►
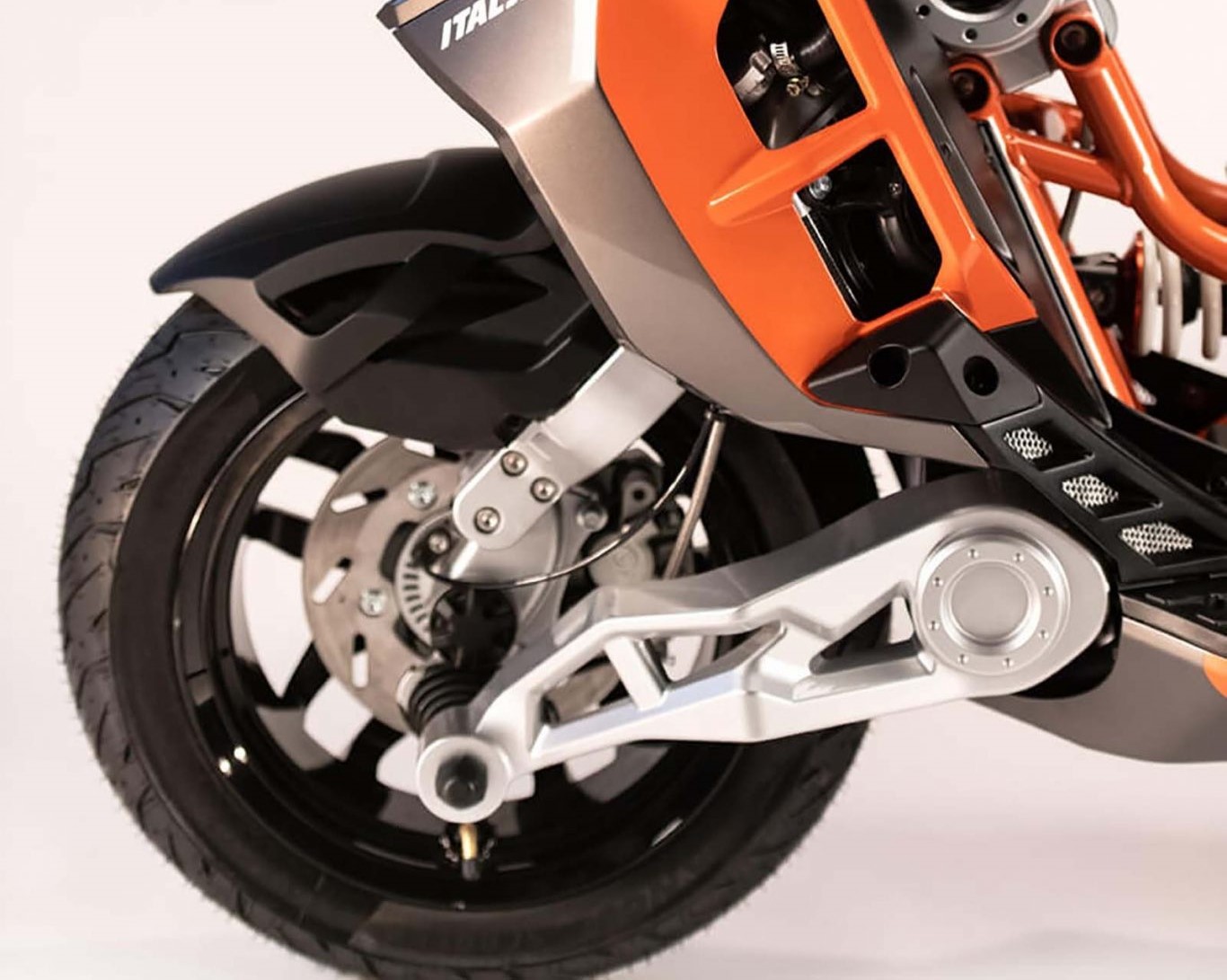 前轉(zhuǎn)向系統(tǒng)與BIMOTA類似,Italjet將該系統(tǒng)稱為獨立轉(zhuǎn)向系統(tǒng)(ISS),并已由Italjet工程師與Pontedera的EDI共同申請專利,該轉(zhuǎn)向系統(tǒng)通過將轉(zhuǎn)向作用與懸架作用分離開來,以過濾不平坦路面的震動引導(dǎo)振動和節(jié)拍同時傳遞給車輪。
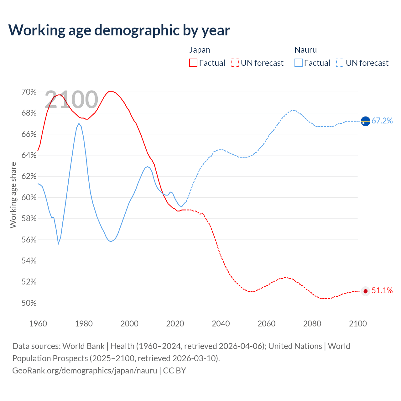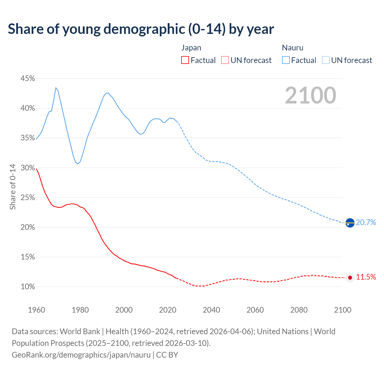 Median age Japan vs Nauru, 1960-2100
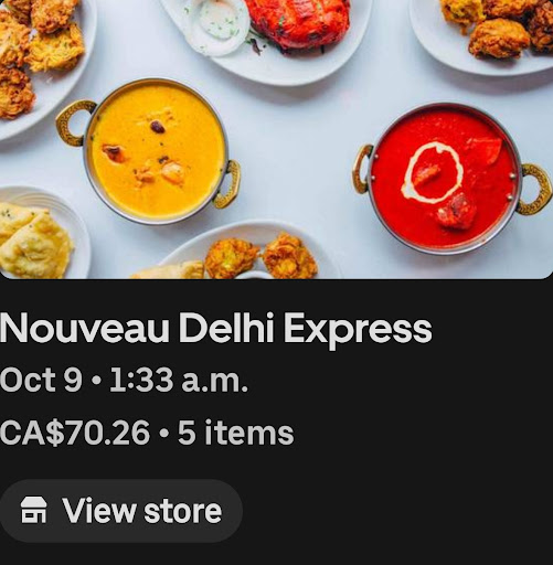 Read moreWorst experience ever!! AVOID THIS RESTAURANT!!! I ordered a butter chicken with naan bread at 9:00pm... the guy on the phone tells me the total would be 20,87$ and he also asked how am i going to pay, i said credit. One hour later i received a call from new delhi from the same guy, asking me if i have cash to pay for the food?!? I said yes i do, when am i going to receive my order? The guy told me i dont know?!?!!?? I ended up receiving my order at 11:30..... BUT WAIIT!!! When i opened the bag first thing i notice is the naan bread.. covered in a paper towel?!? BEST PART IS HERE: so i opened my butter chicken (i was really craving it) and i saw some dry grapes in it?!? At first i was like ok 3-4 felt in it when they were cooking it but there was litteraly 30-40 of them.. and it didnt taste at all like butter chicken..! I threw everything to the garbage, even the rice, wich i would not even give to my dog. BE CAREFUL AND AVOID THIS RESTAURANT ( i ended up...
◄
The lines from the start of the data through the line that contains "Median age Japan vs Nauru, 1960-2100" are to be returned exactly, please, with both ends included and every picture left out.

 前轉(zhuǎn)向系統(tǒng)與BIMOTA類似,Italjet將該系統(tǒng)稱為獨立轉(zhuǎn)向系統(tǒng)(ISS),并已由Italjet工程師與Pontedera的EDI共同申請專利,該轉(zhuǎn)向系統(tǒng)通過將轉(zhuǎn)向作用與懸架作用分離開來,以過濾不平坦路面的震動引導(dǎo)振動和節(jié)拍同時傳遞給車輪。
 Median age Japan vs Nauru, 1960-2100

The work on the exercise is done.